Keeping drugs secure from young children while ensuring user-friendliness to seniors is one of the main objectives of pharmaceutical packaging companies. Child-resistant (CR) packaging was introduced in the late 1960s and early 1970s, and is most commonly known as a safety cap on bottles that has to be pushed down before being opened. More advanced CR packaging, such as special blister packs and cardboard packaging, has only been released onto the market in the last decade, and looks set to continue its growth in the future as its popularity increases.
In 2006, Stora Enso and Bosch Packaging launched Pharma small hands resistant (SHR), a re-closable and tear-resistant carton ideal for highly toxic drugs, which TestPak started using and producing the same year.
Packaging company Amcor Flexibles followed suit a few years later and introduced a CR blister pack, the Guardlid, which is compliant to CR / senior friendly (SF) regulations in Europe and the US.
Many new CR packaging concepts apply more complex and sophisticated opening mechanisms. For instance, UK packaging producer Burgopak ‘s sliding CR blister pack can only be opened by applying pressure at two separate points on the packaging. The blister pack and information leaflets are integrated with the outer box, which ensures the product is never separated from its packaging.
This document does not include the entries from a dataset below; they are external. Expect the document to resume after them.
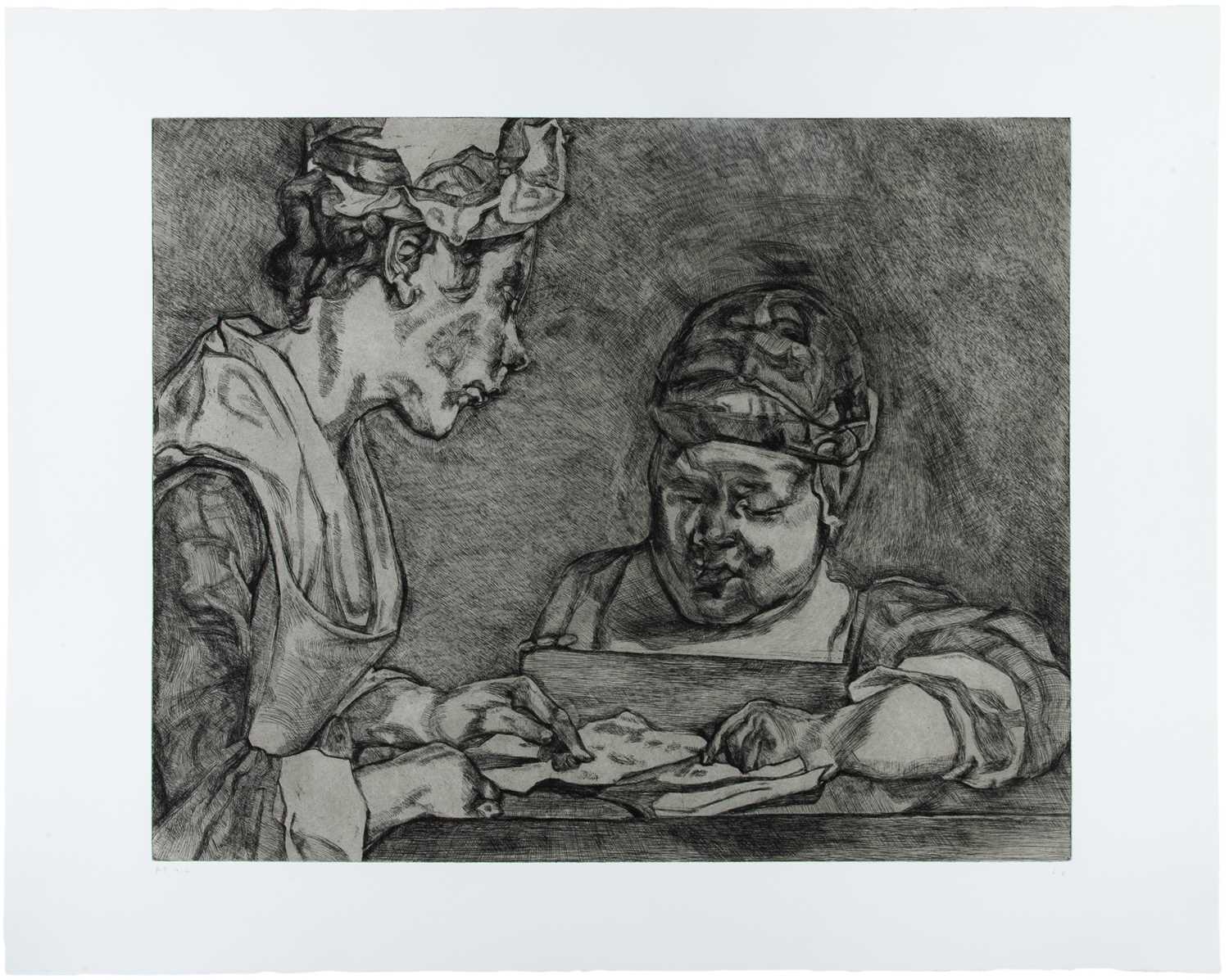 Etching with aquatint, scaping and burnishing, 1998, on Somerset textured wove paper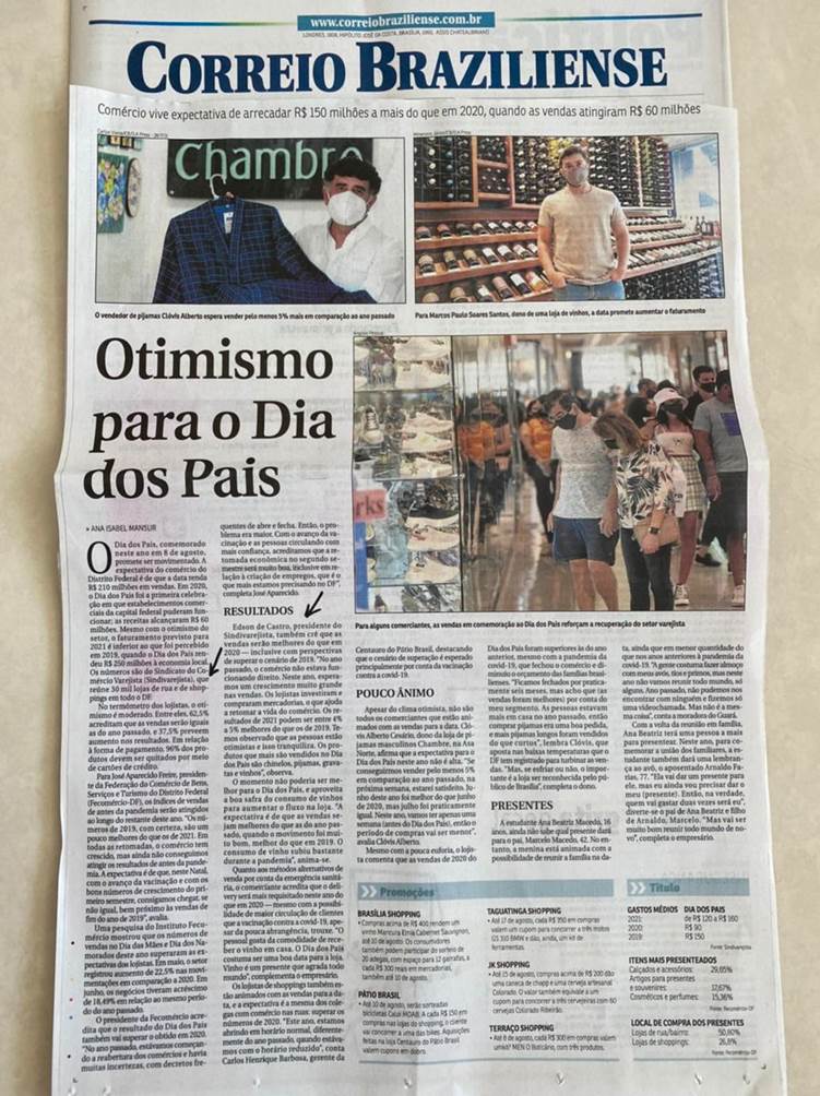 Matéria sobre expectativa do comércio para o Dia dos Pais. Presidente do Sindivarejista, Edson de Castro, é um dos entrevistados.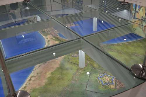 2014年は、五稜郭タワーが誕生してから50周年に當(dāng)たる年。さまざまな記念企畫の一環(huán)として、展望室へ上るエレベーター前の床下に大きな函館のジオラマが設(shè)置されました。よく見ると現(xiàn)在の函館ではなく、五稜郭建造當(dāng)時の姿を再現(xiàn)していることがわかります。
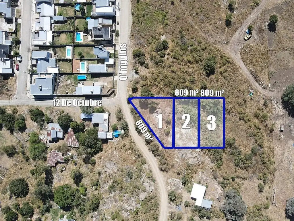 Tres lotes de 809 m² cada uno, ubicados en entorno privilegiado, entre zona Calvario y Entre Sierras, y con increíbles vistas abiertas al paisaje serrano. Frente a Barrio Procrear, en un sector consolidado y en constante desarrollo.

Eco-friendly pharma packaging
The pressure to develop sustainable, eco-friendly products is reverberating around the packaging industry as a whole, and has even begun to affect pharmaceutical packaging, one of the industry’s most complex sectors. The development of sustainable packaging is a balancing act for companies serving the pharmaceutical industry – environmental considerations must not lead to any compromise on a package’s safety or accessibility.
New pharmaceutical packaging concepts are beginning to emerge that address environmental concerns without sacrificing packaging advances made in the last decade. In August 2011, Keystone Folding Box Company and Legacy Pharmaceutical Packaging launched their Ecoslide-RX sustainable compliance packaging.
The pack is made from 100% recycled material, using unbleached paperboard and a clay-coated surface designed to house blister packaging with a minimum of unsustainable film and foil. The slide package meets all the modern expectations for child-resistance and accessibility for seniors, but doesn’t require heat sealing in the manufacturing process, reducing both costs and energy usage. "It is the most economical and environmentally friendly compliance packaging available today," said Keystone marketing director Ward Smith on the product’s launch.
Environmental awareness is even starting to extend to the syringe market, perhaps the most complex field of primary pharmaceutical packaging, with concepts like Cambridge Consultants’ Syreen prefilled syringe design. Syreen syringes replace glass with cyclic olefin polymer (COP), this material has allowed Cambridge to jettison secondary packaging altogether as the COP design forms its own outer shell.
The ability of packed syringes to clip into place also eliminates the need for packing materials like styrofoam and cardboard. The concept reduces packaging weight by 30% and volume by 50%, compared to standard packaging, while also incorporating anti-needlestick measures and ejectable needles so the rest of the syringe can be recycled.